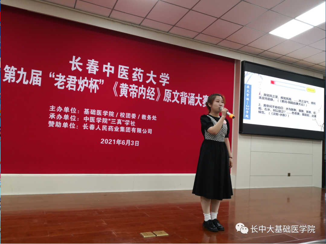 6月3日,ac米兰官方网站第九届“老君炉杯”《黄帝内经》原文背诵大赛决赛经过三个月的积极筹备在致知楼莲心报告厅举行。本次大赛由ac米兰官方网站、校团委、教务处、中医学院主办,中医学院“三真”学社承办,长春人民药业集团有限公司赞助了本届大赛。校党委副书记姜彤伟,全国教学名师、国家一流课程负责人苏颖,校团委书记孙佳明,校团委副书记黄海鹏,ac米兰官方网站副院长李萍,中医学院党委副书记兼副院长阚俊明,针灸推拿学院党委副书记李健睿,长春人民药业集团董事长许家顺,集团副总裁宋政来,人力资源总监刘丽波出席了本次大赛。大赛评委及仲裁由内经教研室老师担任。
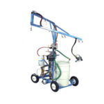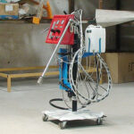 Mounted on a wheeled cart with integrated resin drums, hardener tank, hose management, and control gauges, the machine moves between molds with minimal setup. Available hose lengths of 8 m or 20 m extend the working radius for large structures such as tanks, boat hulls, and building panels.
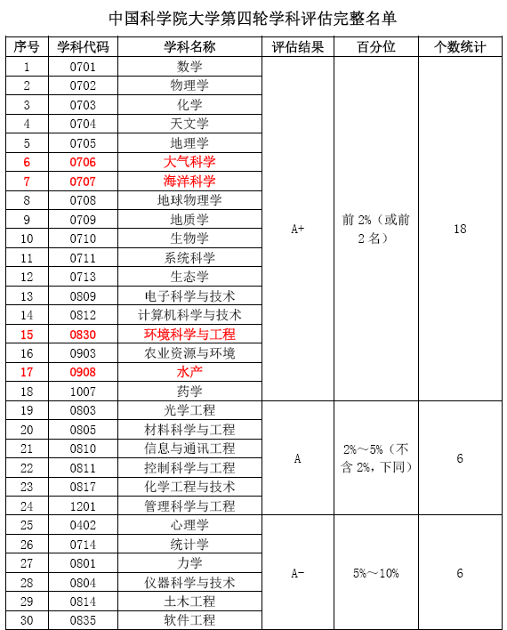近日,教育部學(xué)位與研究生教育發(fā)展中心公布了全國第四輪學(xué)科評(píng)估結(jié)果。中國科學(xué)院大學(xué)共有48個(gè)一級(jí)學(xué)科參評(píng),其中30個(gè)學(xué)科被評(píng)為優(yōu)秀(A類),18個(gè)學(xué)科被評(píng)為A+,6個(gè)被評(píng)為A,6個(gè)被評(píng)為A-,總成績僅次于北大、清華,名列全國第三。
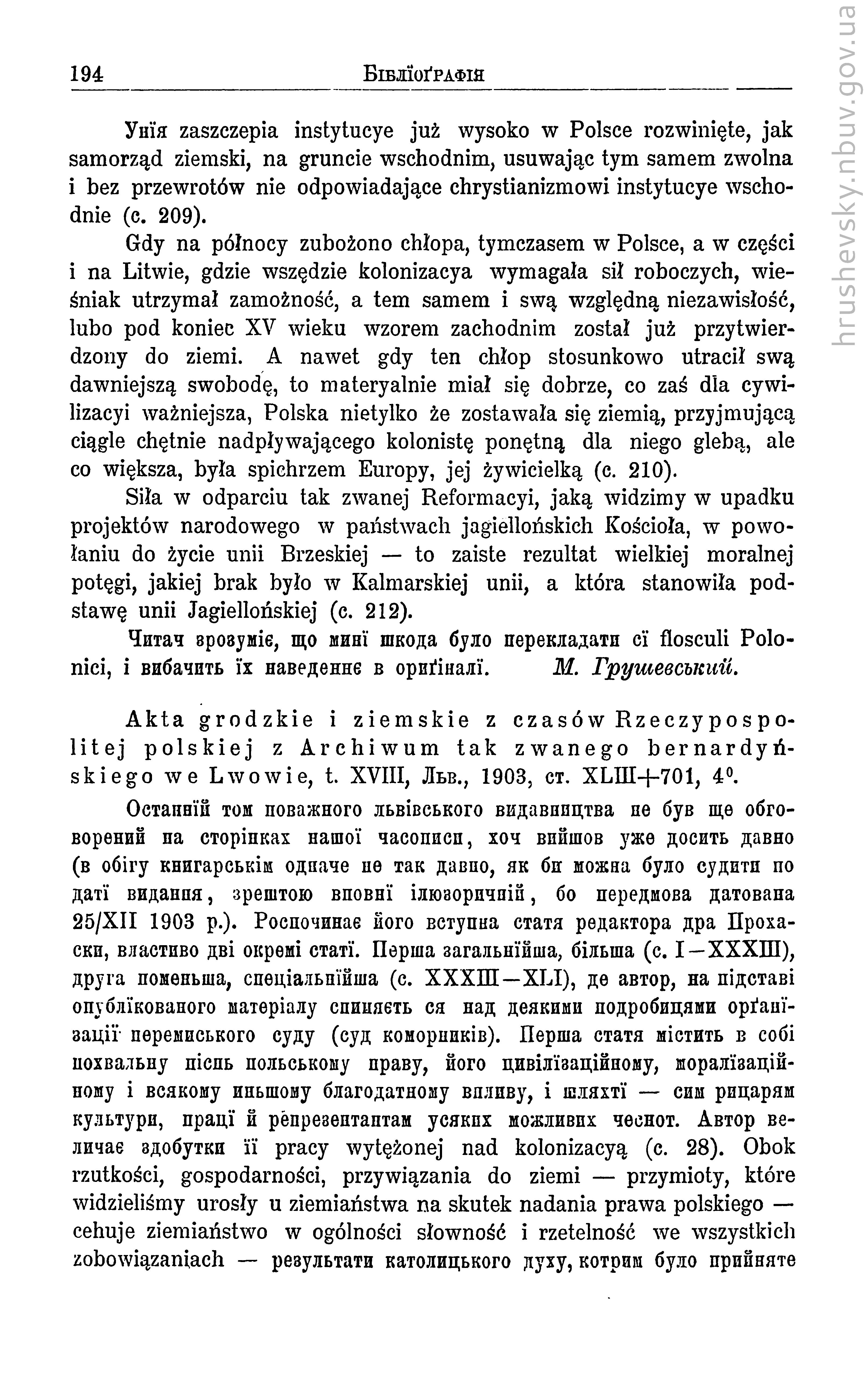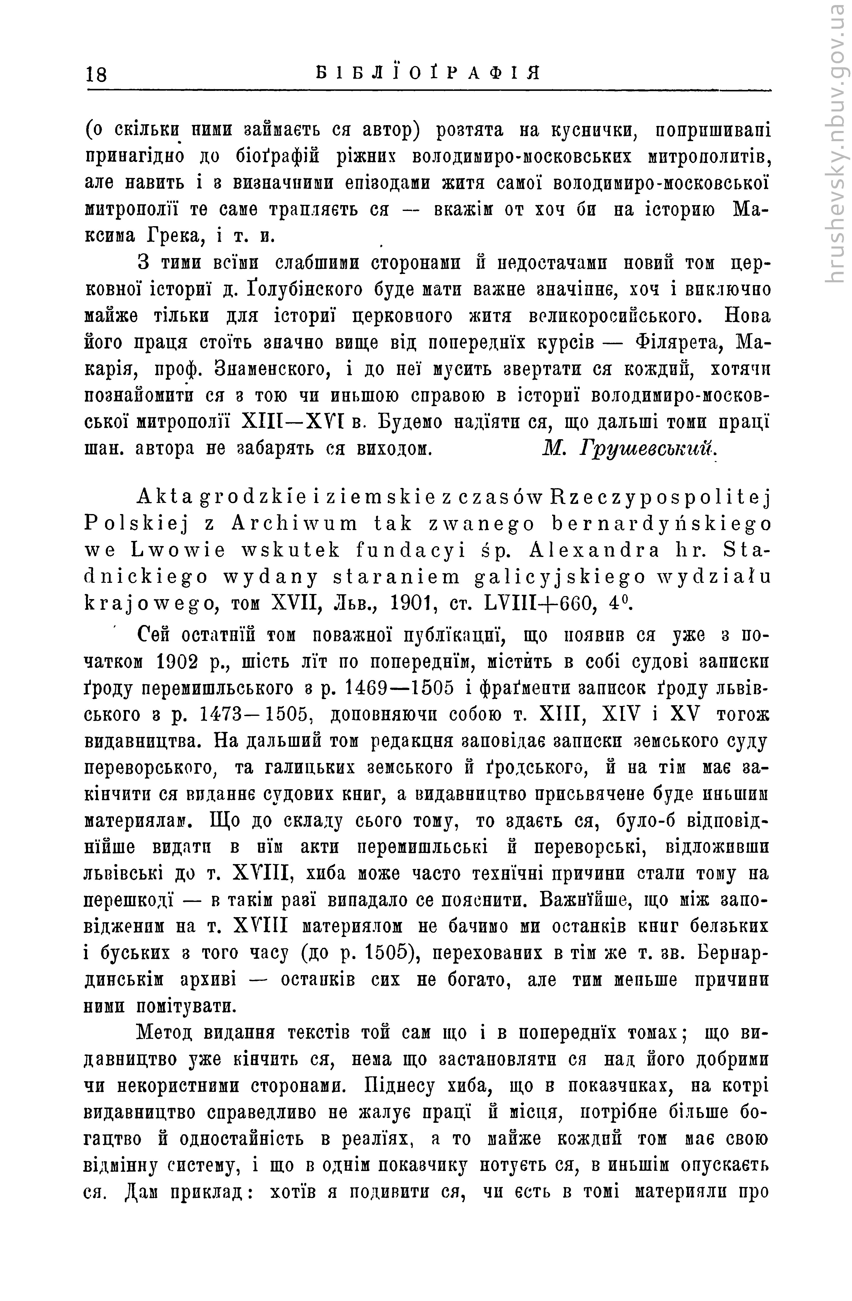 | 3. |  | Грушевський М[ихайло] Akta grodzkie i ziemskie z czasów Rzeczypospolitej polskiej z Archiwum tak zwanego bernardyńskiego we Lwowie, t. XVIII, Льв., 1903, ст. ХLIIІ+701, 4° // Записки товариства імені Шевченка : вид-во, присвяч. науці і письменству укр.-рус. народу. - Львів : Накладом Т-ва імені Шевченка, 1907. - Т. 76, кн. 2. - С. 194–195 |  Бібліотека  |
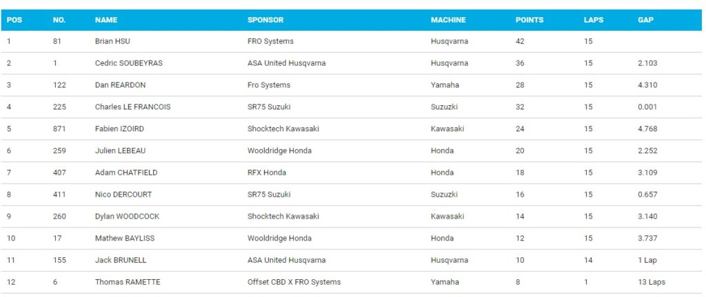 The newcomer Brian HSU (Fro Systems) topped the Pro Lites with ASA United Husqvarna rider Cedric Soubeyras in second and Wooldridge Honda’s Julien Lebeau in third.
• • •
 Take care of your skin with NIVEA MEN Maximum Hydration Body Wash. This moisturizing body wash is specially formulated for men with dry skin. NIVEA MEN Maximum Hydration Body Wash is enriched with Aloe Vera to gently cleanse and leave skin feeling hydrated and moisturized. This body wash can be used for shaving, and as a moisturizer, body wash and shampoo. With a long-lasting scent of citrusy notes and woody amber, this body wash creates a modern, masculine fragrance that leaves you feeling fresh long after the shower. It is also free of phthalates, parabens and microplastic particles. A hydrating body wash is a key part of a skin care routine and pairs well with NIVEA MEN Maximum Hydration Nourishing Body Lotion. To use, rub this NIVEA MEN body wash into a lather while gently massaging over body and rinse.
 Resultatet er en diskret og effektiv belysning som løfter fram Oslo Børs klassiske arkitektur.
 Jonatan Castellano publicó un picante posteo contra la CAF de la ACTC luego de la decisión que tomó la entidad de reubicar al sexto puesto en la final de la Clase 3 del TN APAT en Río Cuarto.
• • •
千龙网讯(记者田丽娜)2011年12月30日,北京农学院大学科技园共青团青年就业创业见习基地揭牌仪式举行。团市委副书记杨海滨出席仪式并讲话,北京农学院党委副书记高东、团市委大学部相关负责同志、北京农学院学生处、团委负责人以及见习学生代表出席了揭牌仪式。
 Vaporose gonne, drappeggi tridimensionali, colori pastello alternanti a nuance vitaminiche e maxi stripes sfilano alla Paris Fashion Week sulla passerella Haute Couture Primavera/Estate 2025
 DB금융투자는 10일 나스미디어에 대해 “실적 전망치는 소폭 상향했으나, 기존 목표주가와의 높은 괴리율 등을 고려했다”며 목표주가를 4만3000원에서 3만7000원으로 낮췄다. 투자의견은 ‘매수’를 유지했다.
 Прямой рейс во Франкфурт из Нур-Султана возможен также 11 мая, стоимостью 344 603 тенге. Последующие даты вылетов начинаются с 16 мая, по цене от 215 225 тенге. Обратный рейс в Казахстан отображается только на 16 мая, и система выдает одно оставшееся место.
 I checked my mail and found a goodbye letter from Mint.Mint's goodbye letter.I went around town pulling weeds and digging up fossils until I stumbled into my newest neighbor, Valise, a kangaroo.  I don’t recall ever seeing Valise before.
• • •
» ABOUT THIS EXERCISE
A clean copy is needed of the lines above from the one with "Mounted on a" up to and including the one with "The newcomer Brian". Please set it down exactly, with no pictures.

» OUTPUT FOR THIS EXERCISE
 Mounted on a wheeled cart with integrated resin drums, hardener tank, hose management, and control gauges, the machine moves between molds with minimal setup. Available hose lengths of 8 m or 20 m extend the working radius for large structures such as tanks, boat hulls, and building panels.
近日,教育部學(xué)位與研究生教育發(fā)展中心公布了全國第四輪學(xué)科評(píng)估結(jié)果。中國科學(xué)院大學(xué)共有48個(gè)一級(jí)學(xué)科參評(píng),其中30個(gè)學(xué)科被評(píng)為優(yōu)秀(A類),18個(gè)學(xué)科被評(píng)為A+,6個(gè)被評(píng)為A,6個(gè)被評(píng)為A-,總成績僅次于北大、清華,名列全國第三。
 | 3. |  | Грушевський М[ихайло] Akta grodzkie i ziemskie z czasów Rzeczypospolitej polskiej z Archiwum tak zwanego bernardyńskiego we Lwowie, t. XVIII, Льв., 1903, ст. ХLIIІ+701, 4° // Записки товариства імені Шевченка : вид-во, присвяч. науці і письменству укр.-рус. народу. - Львів : Накладом Т-ва імені Шевченка, 1907. - Т. 76, кн. 2. - С. 194–195 |  Бібліотека  |
 The newcomer Brian HSU (Fro Systems) topped the Pro Lites with ASA United Husqvarna rider Cedric Soubeyras in second and Wooldridge Honda’s Julien Lebeau in third.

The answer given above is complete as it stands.